== About this exercise ==
Everything below from the line with "中国丽江玉龙雪山湖泊风光" through the line with "Таз строительный прямоугольный" should be copied exactly, and nothing else; leave out the pictures.

== Data ==
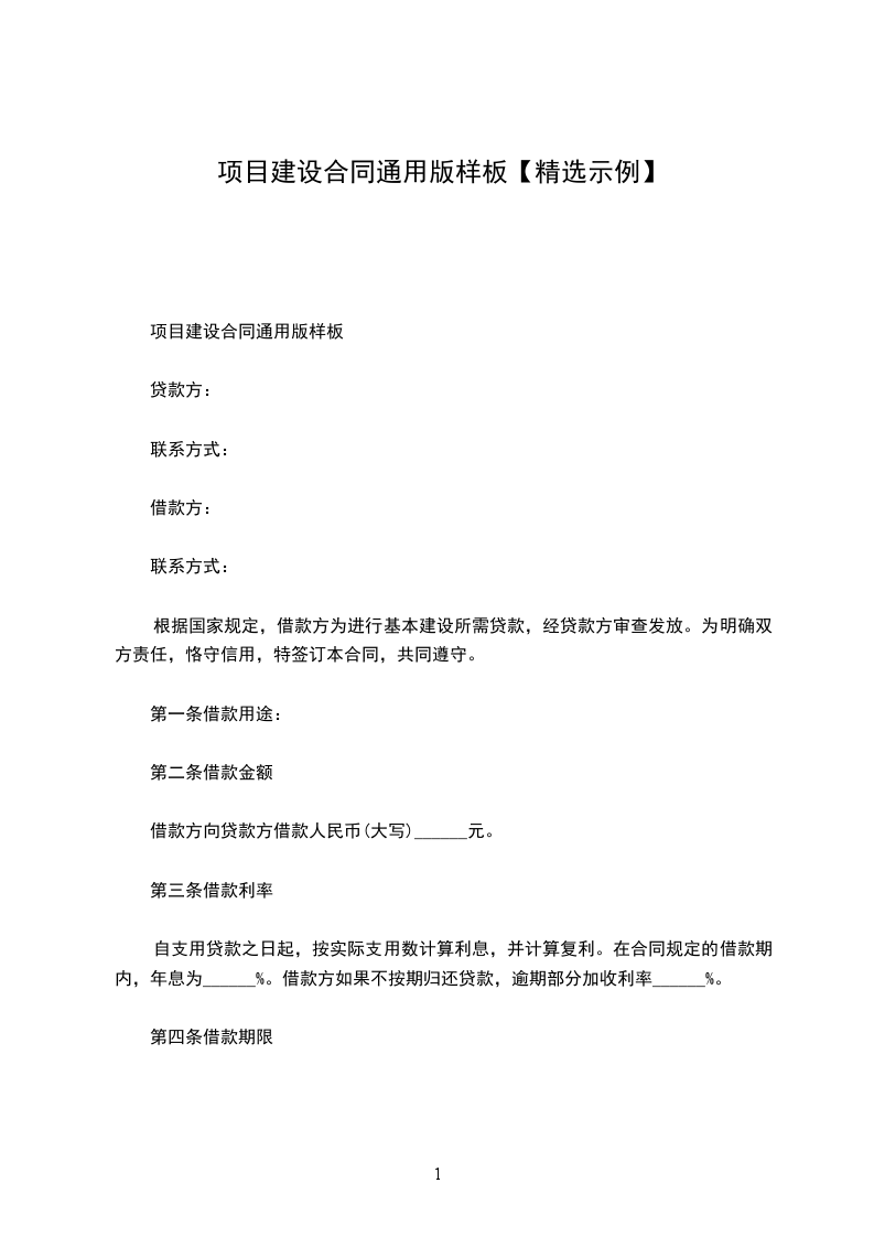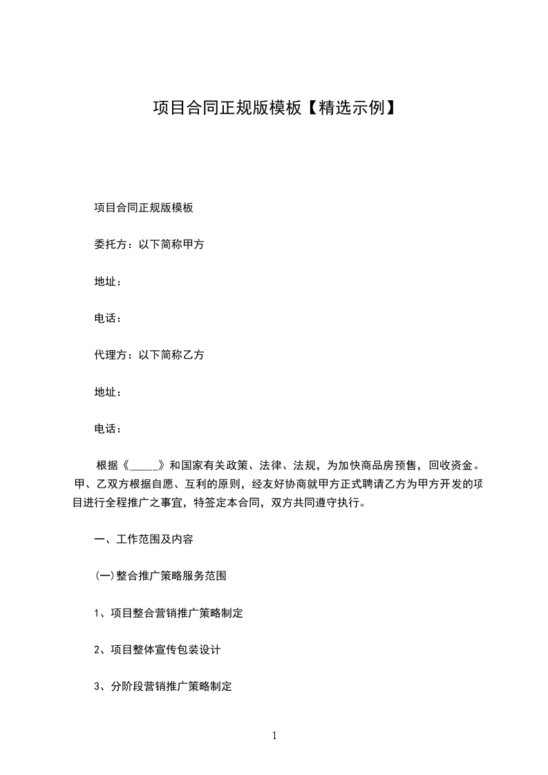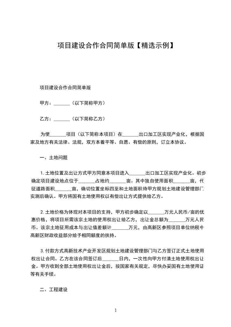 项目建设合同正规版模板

* * *

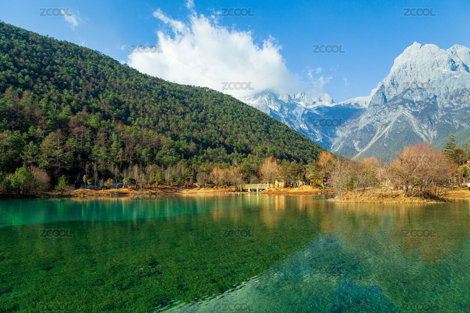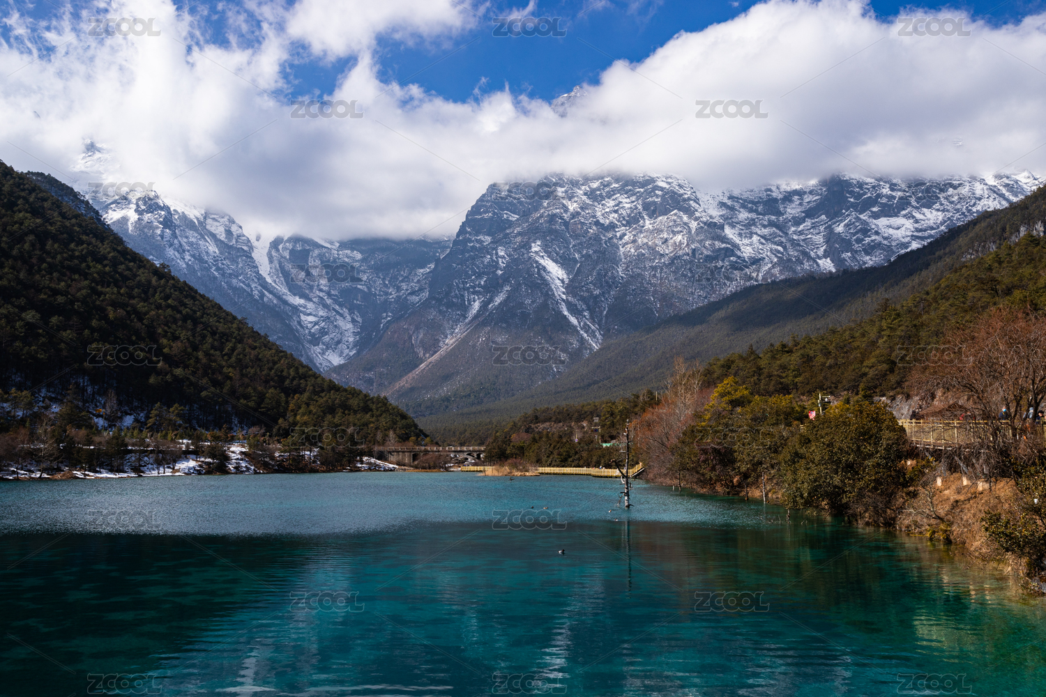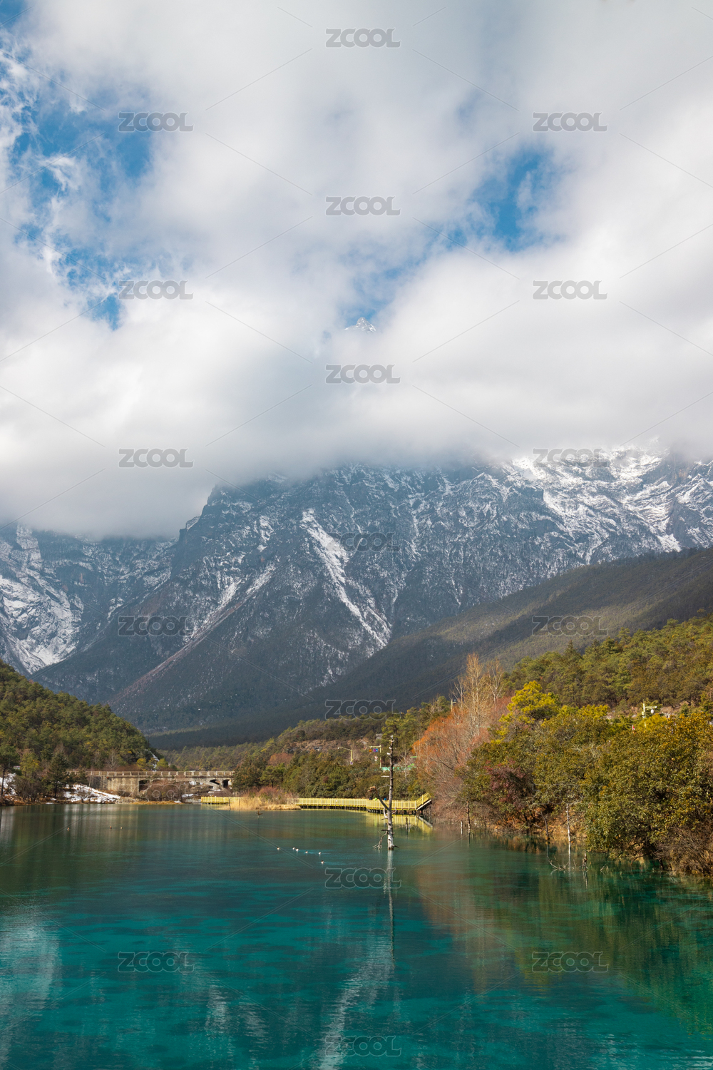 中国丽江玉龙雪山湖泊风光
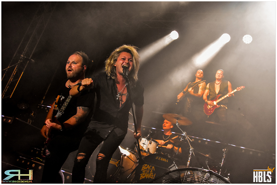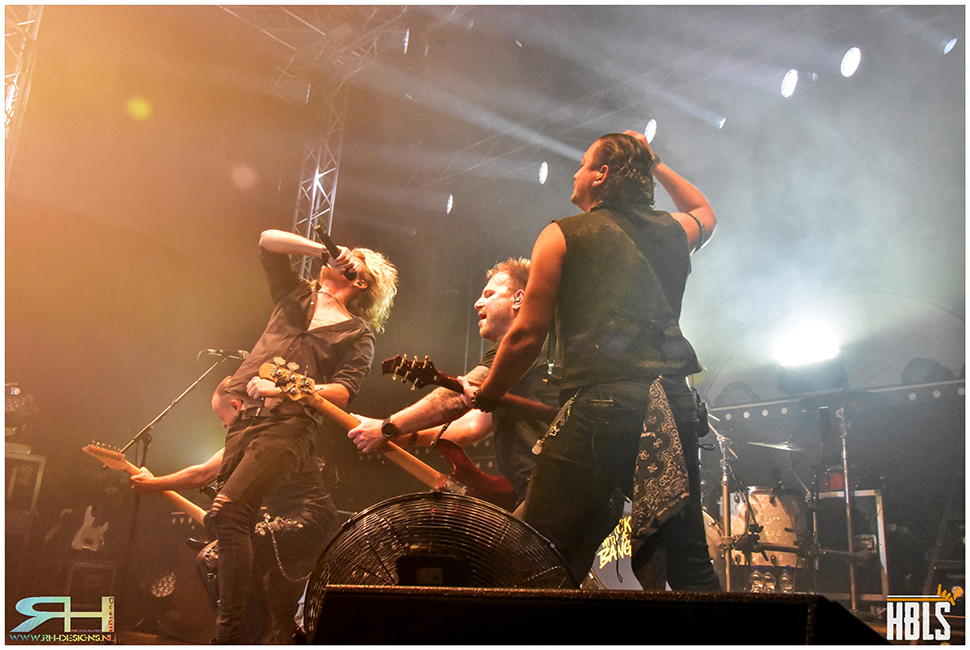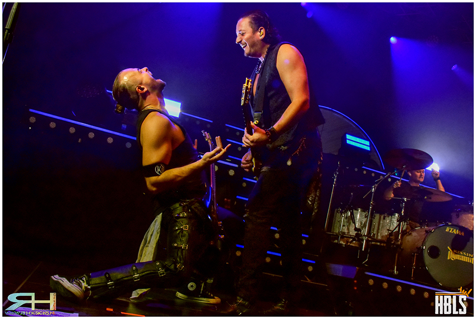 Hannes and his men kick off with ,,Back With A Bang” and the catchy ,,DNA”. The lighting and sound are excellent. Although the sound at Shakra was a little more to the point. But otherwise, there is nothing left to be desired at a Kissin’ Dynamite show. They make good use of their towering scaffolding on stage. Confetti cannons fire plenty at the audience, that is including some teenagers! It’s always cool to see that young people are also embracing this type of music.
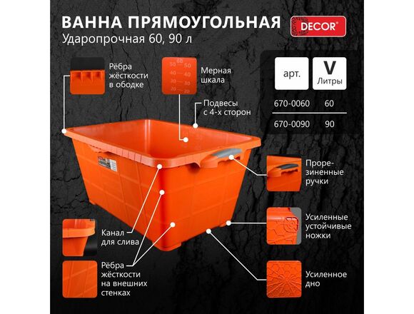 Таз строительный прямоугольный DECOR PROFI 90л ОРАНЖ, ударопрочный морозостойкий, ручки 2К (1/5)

== Exercise response ==
 中国丽江玉龙雪山湖泊风光
 Hannes and his men kick off with ,,Back With A Bang” and the catchy ,,DNA”. The lighting and sound are excellent. Although the sound at Shakra was a little more to the point. But otherwise, there is nothing left to be desired at a Kissin’ Dynamite show. They make good use of their towering scaffolding on stage. Confetti cannons fire plenty at the audience, that is including some teenagers! It’s always cool to see that young people are also embracing this type of music.
 Таз строительный прямоугольный DECOR PROFI 90л ОРАНЖ, ударопрочный морозостойкий, ручки 2К (1/5)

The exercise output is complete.